本作は原田マハの同名小説を原作に、かつて撮影所で映画の夢を追い求めるも、今ではギャンブル漬けで借金まみれの生活を送る男ゴウの姿を描いた松竹映画100周年記念作品。沢田研二が現在の落ちぶれたゴウ、菅田が若き日のゴウを演じたほか、妻・淑子に宮本と永野芽郁、テアトル銀幕の館主を務める元映写技師テラシンに小林稔侍と野田、昭和の銀幕スター・桂園子に北川が扮している。

菅田は観客を前に「50%ですけれど、お客さんがいる状態での舞台挨拶は本当に貴重。とてもありがたいです」と挨拶。この日、観客と一緒に映画を鑑賞してから舞台挨拶に立った山田は「映画ができあがったばかりの頃は後悔ばかり。なんであんな撮り方や芝居をさせてしまったのか、と。でも完成してから月日が経ってるので、今日は面白く観てました。それがいいことなの悪いことなのか。少しボケてきてしまったのかもしれません」と話し、笑いを誘う。

劇中では小津安二郎が松竹で監督した「東京物語」にオマージュが捧げられた。山田は「北川景子さんが着る服もキャメラポジションもエキストラの配置も再現して。小津安二郎の映画をそっくりまねして作ろうとしまして」と述懐。カメラをのぞいた瞬間を振り返り「なんだか不思議な感じ、ゾクゾクっとしましたね。『あ、小津安二郎が近くにいる』と言うのかな。僕は話もしたことないけど、小津さんに会えた気がしましたね」と明かした。
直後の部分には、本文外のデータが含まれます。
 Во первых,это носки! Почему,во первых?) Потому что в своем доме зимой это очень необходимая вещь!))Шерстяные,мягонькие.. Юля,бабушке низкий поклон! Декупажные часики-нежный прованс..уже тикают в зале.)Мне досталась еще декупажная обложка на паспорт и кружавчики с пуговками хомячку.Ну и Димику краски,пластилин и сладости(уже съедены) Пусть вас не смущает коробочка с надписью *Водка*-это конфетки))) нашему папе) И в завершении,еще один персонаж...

かつての銀幕スターを演じるにあたり当時の女優たちを研究したという北川は「いろんな作品を観たり、ヘアメイクの写真集を拝見したり。でも、なんだか雲をつかむような思い。一番役作りで助けていただいたのは、監督が撮影所時代の話をしてくださったこと。お話を聞きながら、1つずつピースを集めていきました」と回想する。「東京物語」をオマージュしたシーンには「冷や汗(笑)」と一言。「世界中にファンがいる映画の有名なシーン。原節子さんを超えることは絶対にできないけど、なるべくお芝居を近付けたかった。またまねするだけではなく、自分らしい部分もどこかに残せたらと思っていました。頭で考えはするんですけど、どうしたらいいかはわからなくて。パニックになりながら終わりました」と笑って振り返る。
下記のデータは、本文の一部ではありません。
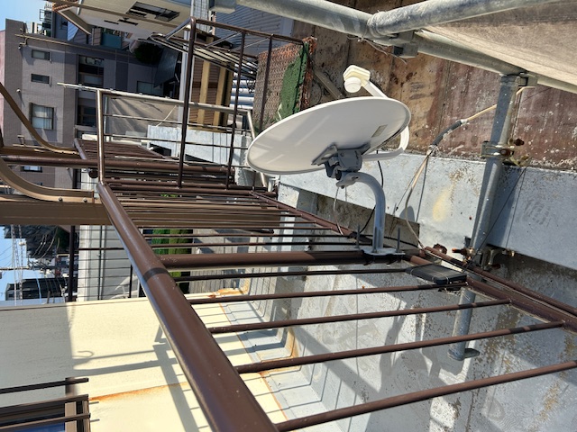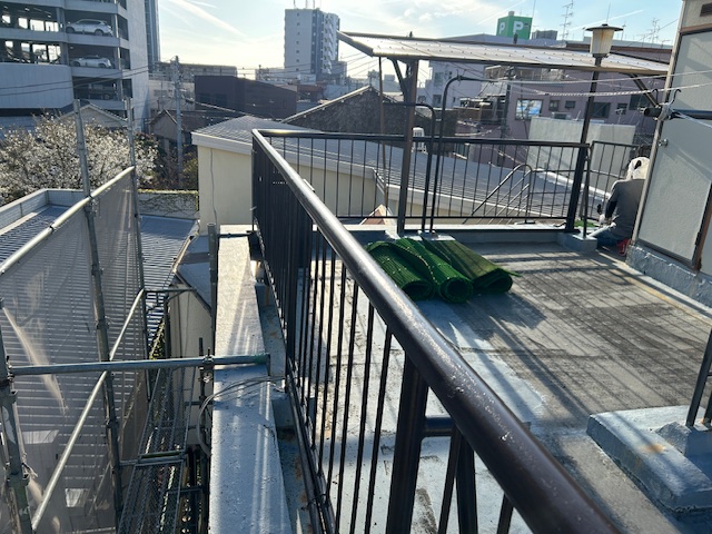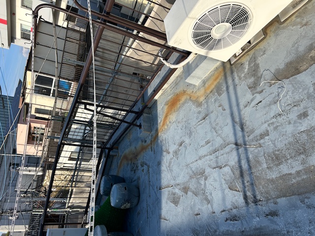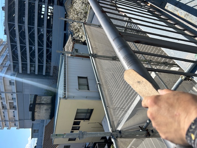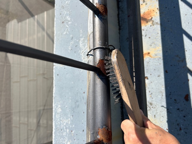 屋上の手摺は充分ケレンします。それから2液性の錆止め材で塗布します。

主演を務めるはずだった志村けんの遺志を継ぎ、ゴウの代役を務めた沢田。イベントでは沢田演じるゴウが志村がアレンジしたことで有名な「東村山音頭」を歌うシーンが存在することも明かされた。山田曰く、もともと脚本段階でゴウが酔っ払いながら歌を歌うことは決まっていたそう。「何を歌うかはいろいろ考えました。沢田研二さんとも相談しました。沢田さんのヒットソングを歌う案もあったけどちょっと違和感がある。それから志村けんの『東村山音頭』というアイデアが浮かんできました。あそこで今は亡き志村けんのことを思い出す。彼に捧げる気持ち。沢田さんに歌ってもらうとぴったりハマっていましたね」と引用の経緯を明かした。

この日、沢田が公開にあたり綴ったコメントが代読された。パンフレットにも掲載されているという文章で、沢田は「志村さんのお気持ちを抱きしめ、やり遂げる覚悟です。あの日から新型コロナとともに歩んだ72歳、精一杯の姿です。せんないですが、志村さんのゴウが観たかった。私はこの作品を封切り館で初めて観ようと思っています」と述べている。ゴウが「東村山音頭」を歌うシーンの撮影を見学していたという菅田は「ものすごく集中されていて誰も近付けない空気がありました。その姿からも、この作品に臨む沢田さんの思いがあふれ出ていた。ご本人が映画を観てどう思うか、とても気になります。そして同じ人物を演じられて、すごく光栄です」と語った。

「キネマの神様」は明日8月6日より全国ロードショー。